Methods and Applications of Analysis

Volume 22 (2015)

Number 2

Global strong solutions to the inhomogeneous incompressible nematic liquid crystal flow

Pages: 201 – 220

DOI: https://dx.doi.org/10.4310/MAA.2015.v22.n2.a4

Author

Jinkai Li (Institute of Mathematical Sciences, Chinese University of Hong Kong; and Department of Computer Science and Applied Mathematics, Weizmann Institute of Science, Rehovot, Israel)

Abstract

In this paper, we consider the Dirichlet problem to the inhomogeneous incompressible nematic liquid crystal system in bounded smooth domains of two or three dimensions.

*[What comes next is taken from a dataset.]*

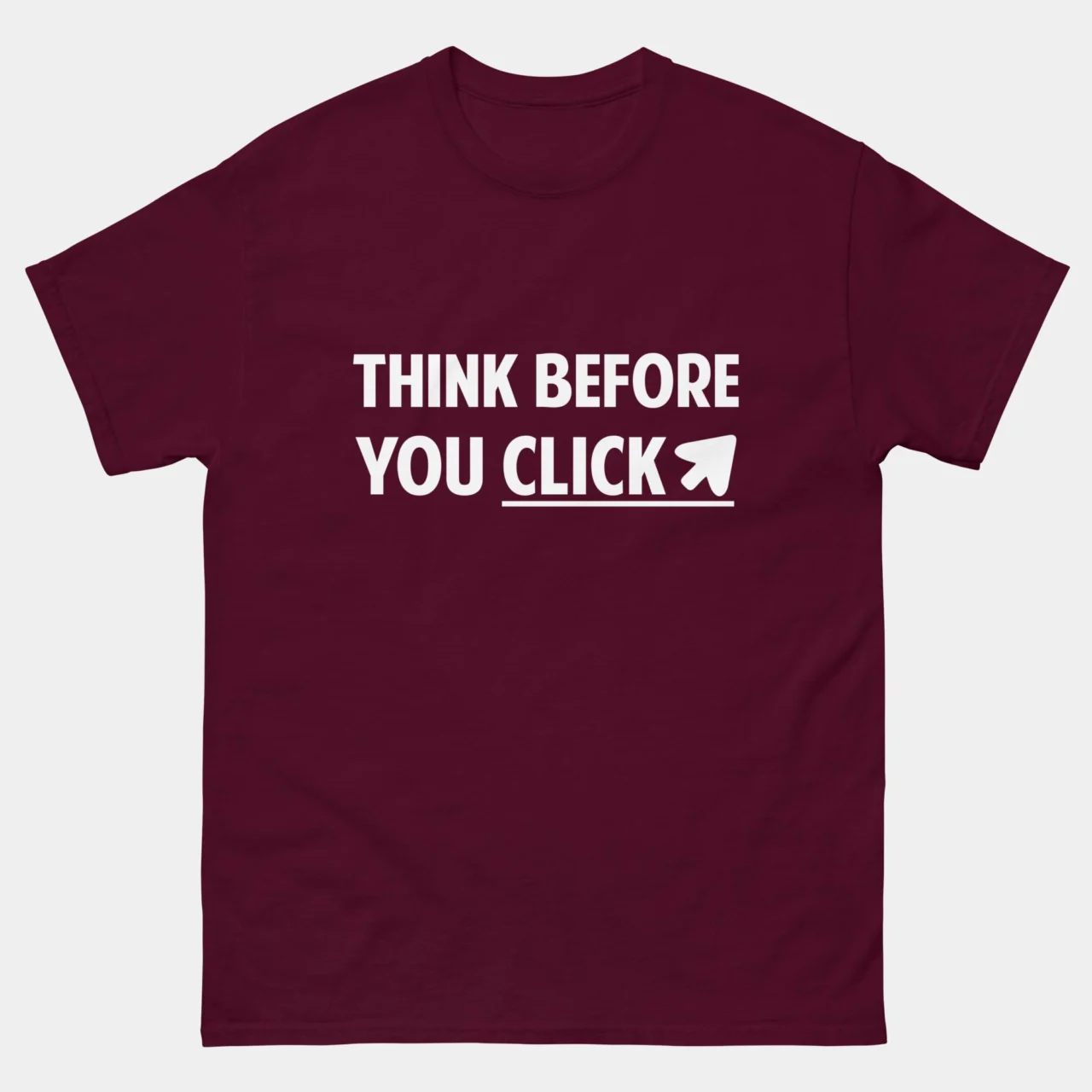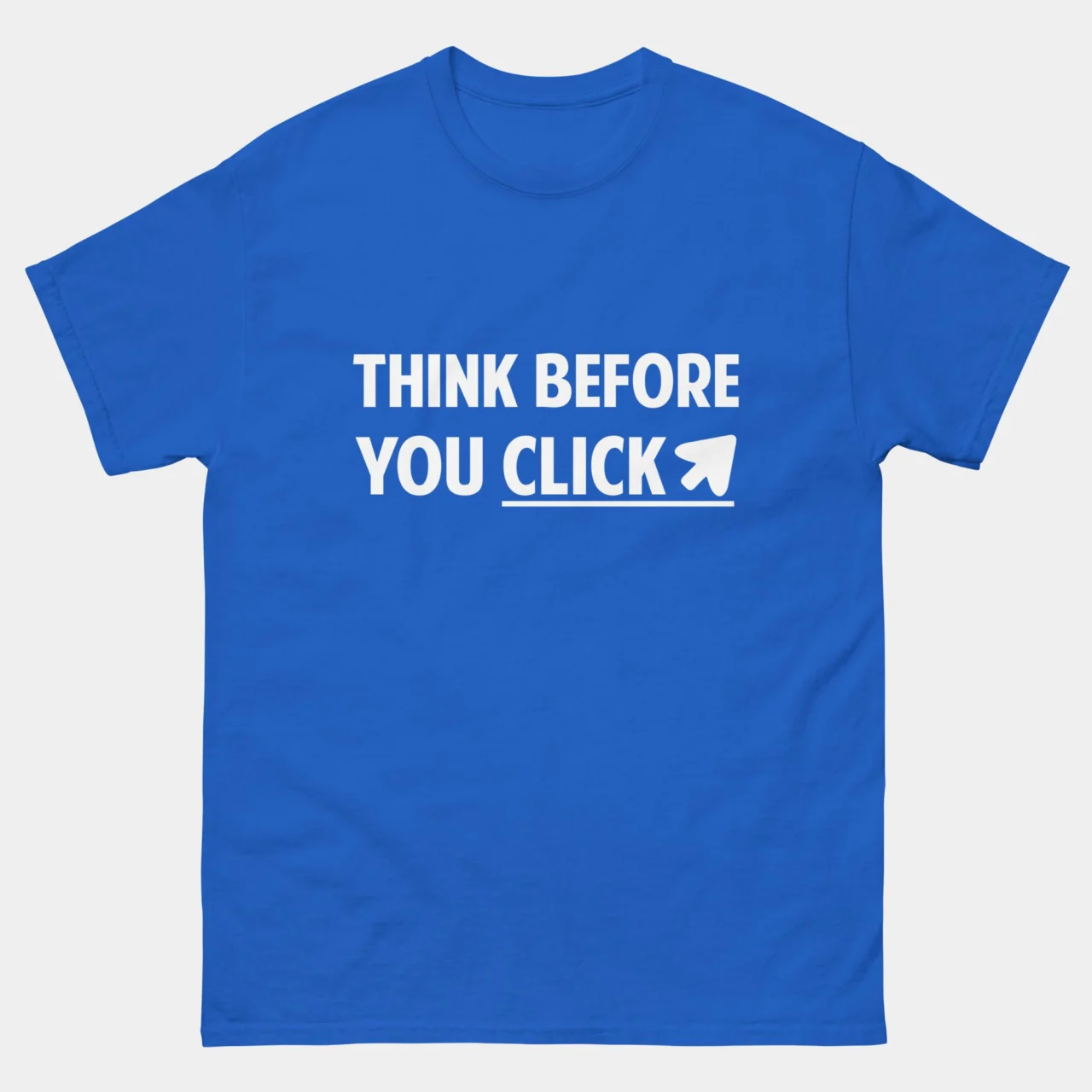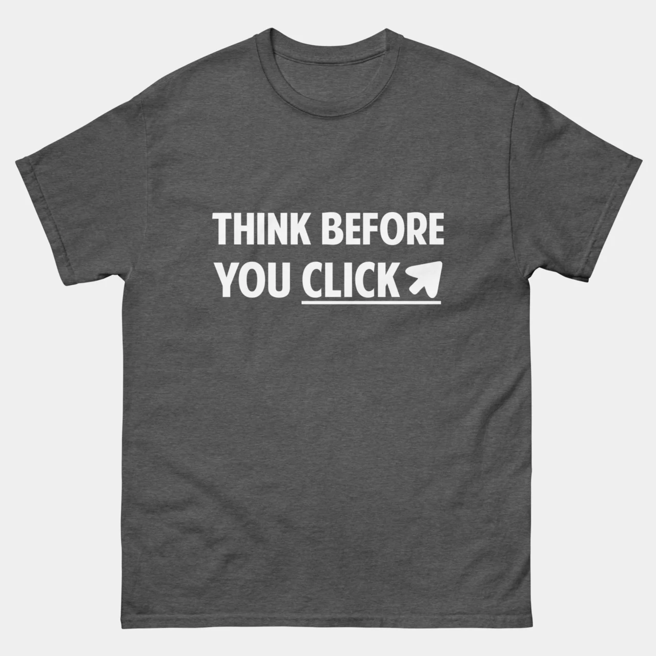 Think Before You Click Cybersecurity T-Shirt – Funny Cyber Security Tee – IT Security Awareness Shirt – Ethical Hacker Gift – Tech Professional Shirt – Classic Unisex Heavy Cotton T-Shirt by Tech Geeks Apparel:

We prove the global existence and uniqueness of strong solutions to this system, with initial data being of small norm but allowed to have vacuum and large oscillations. More precisely, for the two dimensional case, we only require that the basic energy ${\lVert \sqrt{\rho_0} u_0 \rVert}^{2}_{L^2} + {\lVert \nabla d_0 \rVert}^{2}_{L^2}$ is small, while for the three dimensional case, we ask for the smallness of the production of the basic energy and the quantity ${\lVert \nabla u_0 \rVert}^{2}_{L^2} + {\lVert \Delta d_0 \rVert}^{2}_{L^2}$ We achieve some suitable time independent a priori estimates on the strong solutions, based on which, one can extend the local strong solution to be a global one.

Keywords

existence and uniqueness, global strong solutions, liquid crystal

2010 Mathematics Subject Classification

35D35, 35Q35, 76A15, 76D03

Published 1 June 2015